To the editor:
The spectacle of children sleeping on the floor at Logan Airport was resolved, much to the relief of the flying public and the airline industry, only to be replaced by people sleeping outside of subway stations. In the former case, the situation had to be resolved because it was bad for business. Now, the homeless “problem” on city streets must be urgently addressed because it is a crucial political liability for candidates. In both instances, what should have been seen as a national disgrace to be met with compassion and reason has become a nuisance to be eliminated at whatever human cost!
It is true, in a restricted sense, that we have reached our limit, but the operative word here is “our.” This is the Malthusian limit, that brainchild of the well-fed 18th-century clergyman who lamented the fact that provisions given to the poor in workhouses subtracted from the amount that would be more wisely directed to the industrious and worthy members of society. It operates on the erroneous presumption that the ingredients of human sustenance simply go around. They do not; they go around on the terms of those who own them. If you can not meet these terms, they do not go around to you! Though it has never proven correct, due to agricultural industrialization, it stubbornly remains the pet theory of the parsimonious cruel. It is the distribution formula of a bully splitting a candy bar with little kids that he can beat up!

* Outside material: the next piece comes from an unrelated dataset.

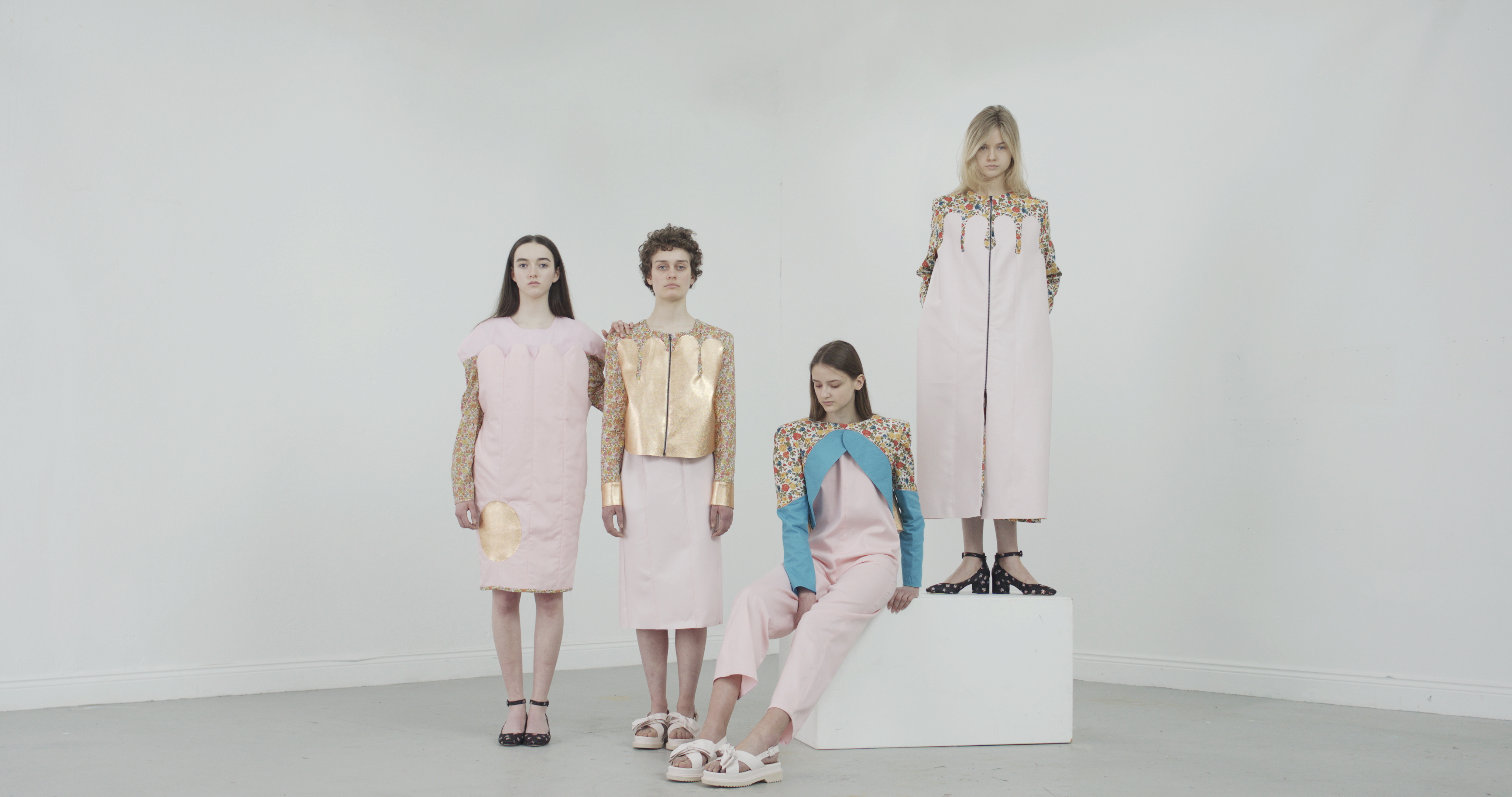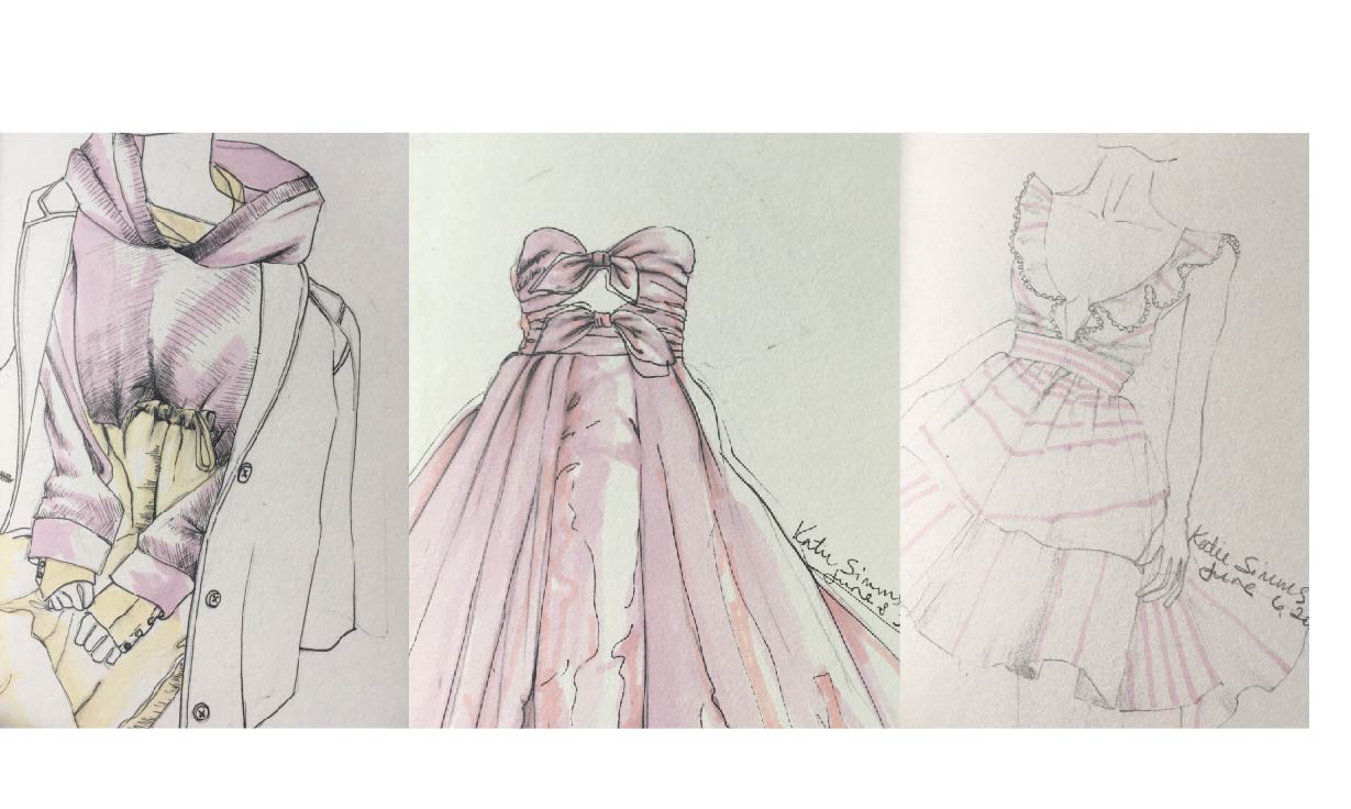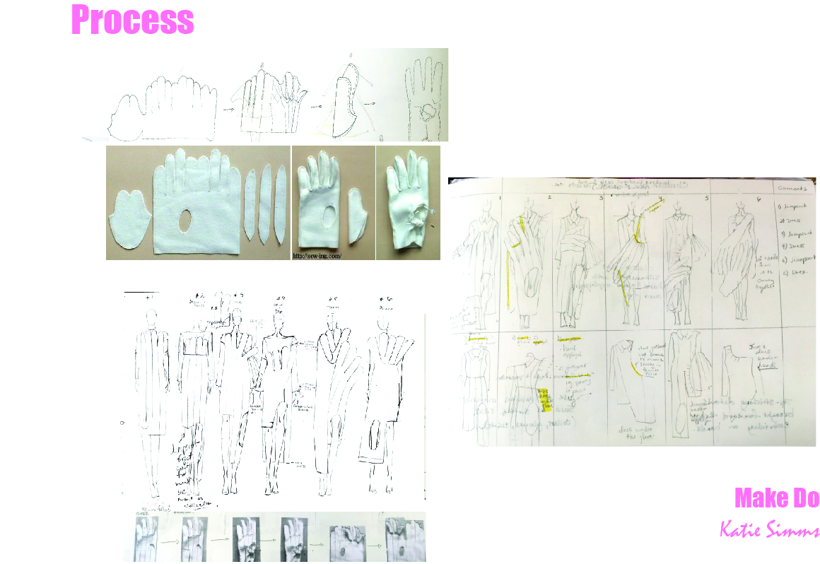 ‘Make Do’ is my collection inspired by the work of my great-grandparents, where tailoring and glove making come together in an epic love story where resourcefulness and creativity were a way of life. The materials used were cottons and leatherette to cross-reference materials used by the tailor and the glove maker. My drawings are of things I see beauty in, such as roses, women, and Fashion.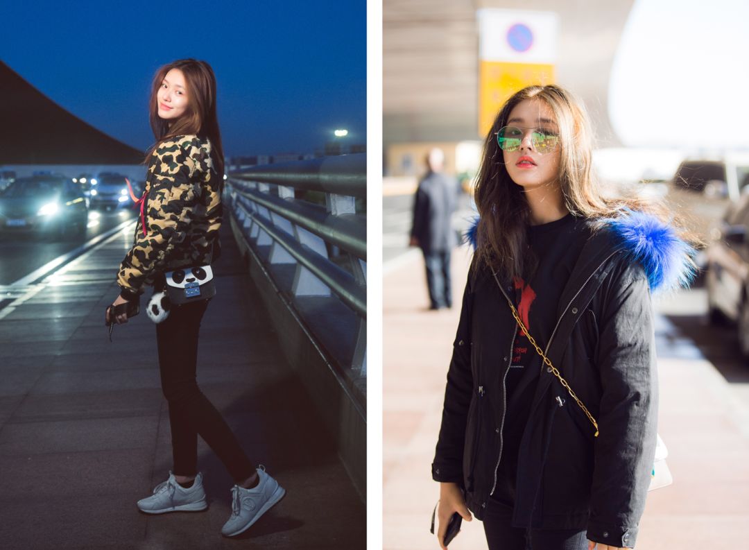 右边的私服元素太多了,迷彩本就很难驾驭,再配上熊猫样式的包包还不够,强行加了配饰,整体很累赘,一眼看不透。

There is in fact an abundance of housing in this state. In some places, you can’t see the ocean because of the proliferation of still more luxury residences. Corporate real estate and financial interests are wise enough to know that it makes more sense, and considerably more money, to sell hundreds of condos as private residences than to sell traditional single-family homes. So they buy up all the land, and the houses on it, to make room for still more condos, thus rendering single-family homeownership logistically, as well as financially, unattainable. Many towns are trying, vainly, to halt this metastasizing of what are basically glorified apartments. Obviously, the migrant poor cannot access this housing, nor can the hundreds of thousands of American homeless and their children, who, not at all incidentally, suddenly become the cherished favorites of those opposed to migrants: “What about our own homeless?” They’re not our own; if they were they wouldn’t be homeless! And, increasingly, many young couples can not access it either, nor stay in it if they do. In their shared but differing degrees of deprivation these groups subsidize the all-important economic order on which we all see our own security to be based.
This makes for a unique, ironic, and perhaps unwelcome bond among the migrant poor, the American homeless, and those who can’t find affordable housing: all are inferior, all are unwanted, and all are a problem to be dealt with! As greed is good, so is deprivation necessary. It keeps us safe; it is the engine oil of our ruthlessly exclusive system. If you can’t pay, you are the migrant!